**Dataset section**
►

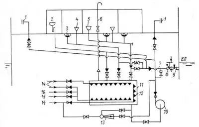 Наконец, корабль может набирать и сбрасывать через уже упомянутую систему технические воды, которые используются для охлаждения двигателя и ряда других систем. Такая вода просто прокачивается через мотор, не давая ему перегреться.
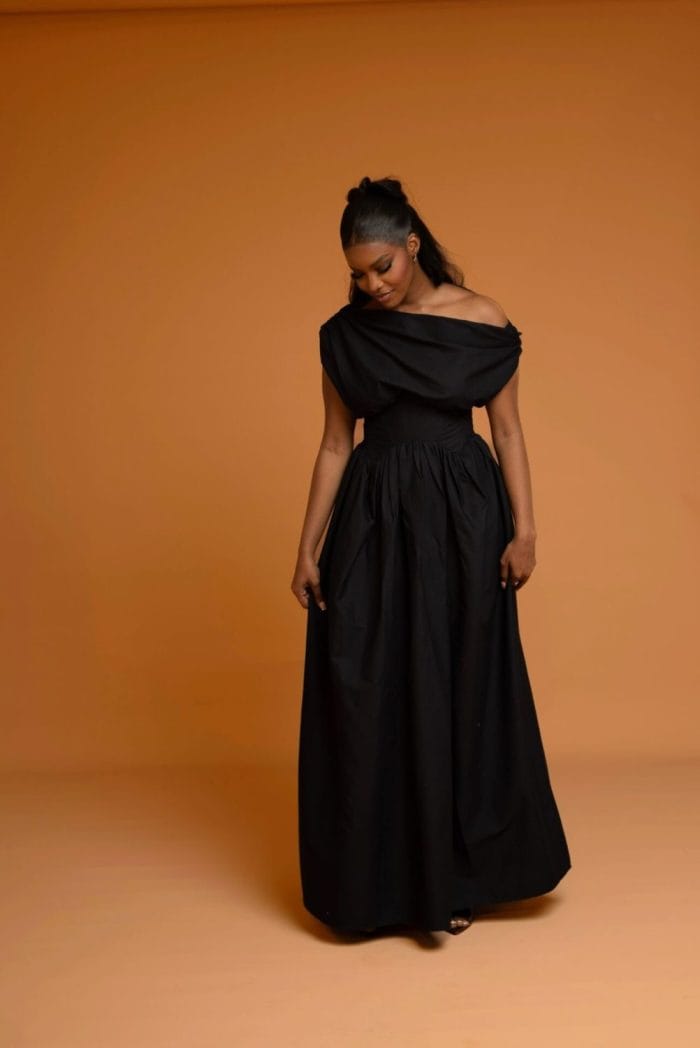 Step into the spotlight with this elegant black off-the-shoulder. Crafted from a high-quality, structured fabric, this dress features a chic off-the-shoulder neckline with a beautifully draped or pleated detail that frames the décolletage. The fitted, cinched bodice flows into a full, A-line skirt with dramatic pleats, creating a timeless ball gown silhouette. This piece combines classic design with a modern flair, making it an ideal choice for black-tie events, galas, proms, or special evening affairs. The gown is available for order with some sellers offering custom sizing for the perfect fit.
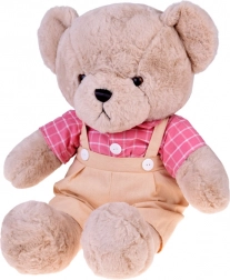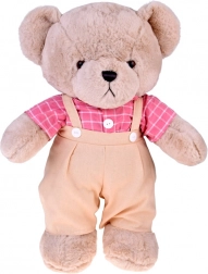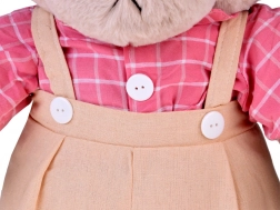 La chemise à carreaux rose et blanc se ferme avec un velcro (les petits boutons décoratifs ne sont pas fonctionnels) et le pantalon/short clair se retire tout aussi facilement – l’ensemble peut ainsi être lavé ou repassé. Les coutures précises et l’attention apportée aux détails garantissent une longue durée de vie et un jeu en toute sécurité.

◄

**Work instructions**
Emit the lines of the material exactly, from its first line to the line containing "Step into the", inclusive; leave every picture out.

**Expected answer**
 Наконец, корабль может набирать и сбрасывать через уже упомянутую систему технические воды, которые используются для охлаждения двигателя и ряда других систем. Такая вода просто прокачивается через мотор, не давая ему перегреться.
 Step into the spotlight with this elegant black off-the-shoulder. Crafted from a high-quality, structured fabric, this dress features a chic off-the-shoulder neckline with a beautifully draped or pleated detail that frames the décolletage. The fitted, cinched bodice flows into a full, A-line skirt with dramatic pleats, creating a timeless ball gown silhouette. This piece combines classic design with a modern flair, making it an ideal choice for black-tie events, galas, proms, or special evening affairs. The gown is available for order with some sellers offering custom sizing for the perfect fit.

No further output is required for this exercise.